EXERCISE PROMPT:
The whole listing is to be restated word for word with no images.

STUDY MATERIAL:

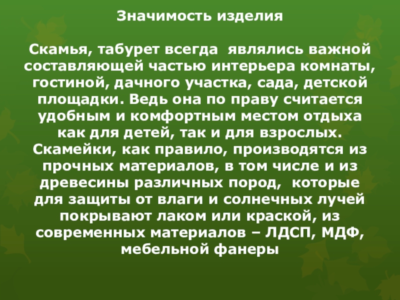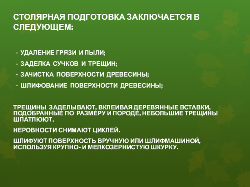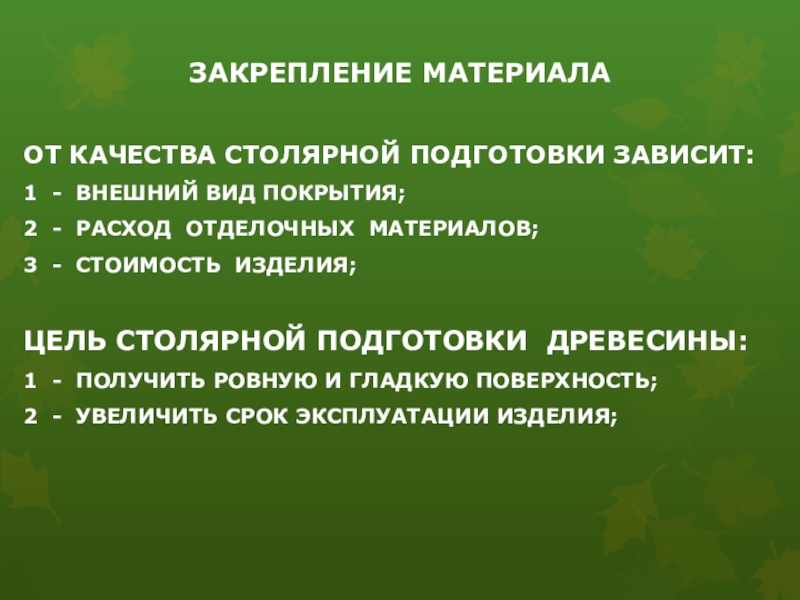 Образовательная: изучение технологии столярной подготовки изделия к финишной отделке, определение качества отделки изделия и создание рекламы на основе полученных знаний по профессии, русскому языку, литературе для реализации изделия; оценить качество выполненных работ, создать термины для рекламы изделия.
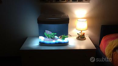Vendo acquario per pesci. (senza pesci). Utilizzato poco e perfettamente funzionante. Dimensioni: 45x40x33 cm 60 Litri in OMAGGIO: sassolini, pietre, anfora e per manutenzione carbone vegetale e batuffoli per i filtri. Non trattabile.
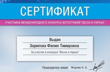 Учитель русского языка и литературы Зарипова Ф. Т. награждена сертификатом за активное участие в международном конкурсе «Весна в парках»
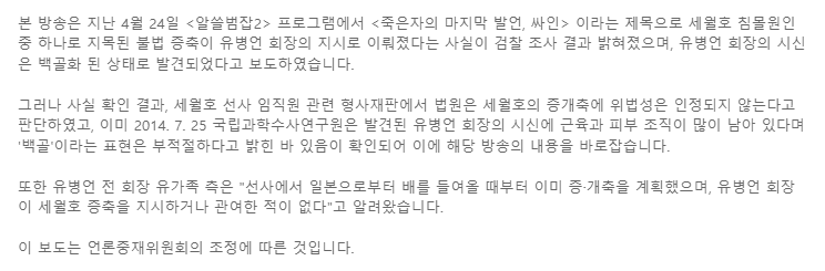 본 방송은 지난 4월 24일 <알쓸범잡2> 프로그램에서 <죽은자의 마지막 발언, 싸인> 이라는 제목으로 세월호 침몰원인 중 하나로 지목된 불법 증축이 유병언 회장의 지시로 이뤄졌다는 사실이 검찰 조사 결과 밝혀졌으며, 유병언 회장의 시신은 백골화 된 상태로 발견되었다고 보도하였습니다. 그러나 사실 확인 결과, 세월호 선사 임직원 관련 형사재판에서 법원은 세월호의 증개축에 위법성은 인정되지 않는다고 판단하였고, 이미 2014. 7. 25 국립과학수사연구원은 발견된 유병언 회장의 시신에 근육과 피부 조직이 많이 남아 있다며 '백골'이라는 표현은 부적절하다고 밝힌 바 있음이 확인되어 이에 해당 방송의 내용을 바로잡습니다. 또한 유병언 전 회장 유가족 측은 "선사에서 일본으로부터 배를 들여올 때부터 이미 증·개축을 계획했으며, 유병언 회장이 세월호 증축을 지시하거나 관여한 적이 없다"고 알려왔습니다. 이 보도는 언론중재위원회의 조정에 따른 것입니다.
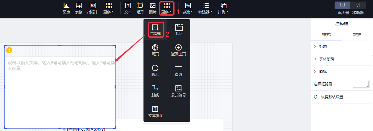 1. 概述2. 快速入门1. 概述通过注释框控件,您可对某些特殊的点作批注,可将注释框添加在报告的任意位置,鼠标移动到控件上,即会浮窗显示提示信息。效果如下图所示: 本文为您介绍如何创建并设置注释框控件。 2. 快速入门(1)在画布上画出一个空白的注释框控件; (2)双击进入注释文本编辑页面,添加注释文字,输入#号可插入动态时间,输入* 号可插入度量,如下图所示; (3)支持修改符号形状颜色、背景颜色、边框颜色和注释框背景颜色,如下图所示。
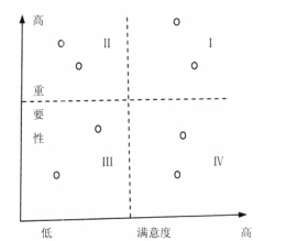 某企业对多项已完成的数据处理任务进行了评估,按其满意度重要性度量值为坐标,标在下图中,用小圆表示)。这些坐标点分别落入I、II、III、IV四个区中。领导认为,位于(70)区中的任务是需要优先改进的。
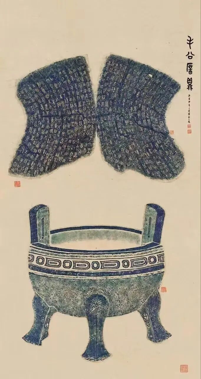 破末日论:指《毛公鼎》全形拓曰:“周室衰微时铸器,光焰今照汗青!书道存亡,在吾辈能否以鼎为脊,撑塌天之文穹!”

FINISHED EXERCISE:
 Образовательная: изучение технологии столярной подготовки изделия к финишной отделке, определение качества отделки изделия и создание рекламы на основе полученных знаний по профессии, русскому языку, литературе для реализации изделия; оценить качество выполненных работ, создать термины для рекламы изделия.
Vendo acquario per pesci. (senza pesci). Utilizzato poco e perfettamente funzionante. Dimensioni: 45x40x33 cm 60 Litri in OMAGGIO: sassolini, pietre, anfora e per manutenzione carbone vegetale e batuffoli per i filtri. Non trattabile.
 Учитель русского языка и литературы Зарипова Ф. Т. награждена сертификатом за активное участие в международном конкурсе «Весна в парках»
 본 방송은 지난 4월 24일 <알쓸범잡2> 프로그램에서 <죽은자의 마지막 발언, 싸인> 이라는 제목으로 세월호 침몰원인 중 하나로 지목된 불법 증축이 유병언 회장의 지시로 이뤄졌다는 사실이 검찰 조사 결과 밝혀졌으며, 유병언 회장의 시신은 백골화 된 상태로 발견되었다고 보도하였습니다. 그러나 사실 확인 결과, 세월호 선사 임직원 관련 형사재판에서 법원은 세월호의 증개축에 위법성은 인정되지 않는다고 판단하였고, 이미 2014. 7. 25 국립과학수사연구원은 발견된 유병언 회장의 시신에 근육과 피부 조직이 많이 남아 있다며 '백골'이라는 표현은 부적절하다고 밝힌 바 있음이 확인되어 이에 해당 방송의 내용을 바로잡습니다. 또한 유병언 전 회장 유가족 측은 "선사에서 일본으로부터 배를 들여올 때부터 이미 증·개축을 계획했으며, 유병언 회장이 세월호 증축을 지시하거나 관여한 적이 없다"고 알려왔습니다. 이 보도는 언론중재위원회의 조정에 따른 것입니다.
 1. 概述2. 快速入门1. 概述通过注释框控件,您可对某些特殊的点作批注,可将注释框添加在报告的任意位置,鼠标移动到控件上,即会浮窗显示提示信息。效果如下图所示: 本文为您介绍如何创建并设置注释框控件。 2. 快速入门(1)在画布上画出一个空白的注释框控件; (2)双击进入注释文本编辑页面,添加注释文字,输入#号可插入动态时间,输入* 号可插入度量,如下图所示; (3)支持修改符号形状颜色、背景颜色、边框颜色和注释框背景颜色,如下图所示。
 某企业对多项已完成的数据处理任务进行了评估,按其满意度重要性度量值为坐标,标在下图中,用小圆表示)。这些坐标点分别落入I、II、III、IV四个区中。领导认为,位于(70)区中的任务是需要优先改进的。
 破末日论:指《毛公鼎》全形拓曰:“周室衰微时铸器,光焰今照汗青!书道存亡,在吾辈能否以鼎为脊,撑塌天之文穹!”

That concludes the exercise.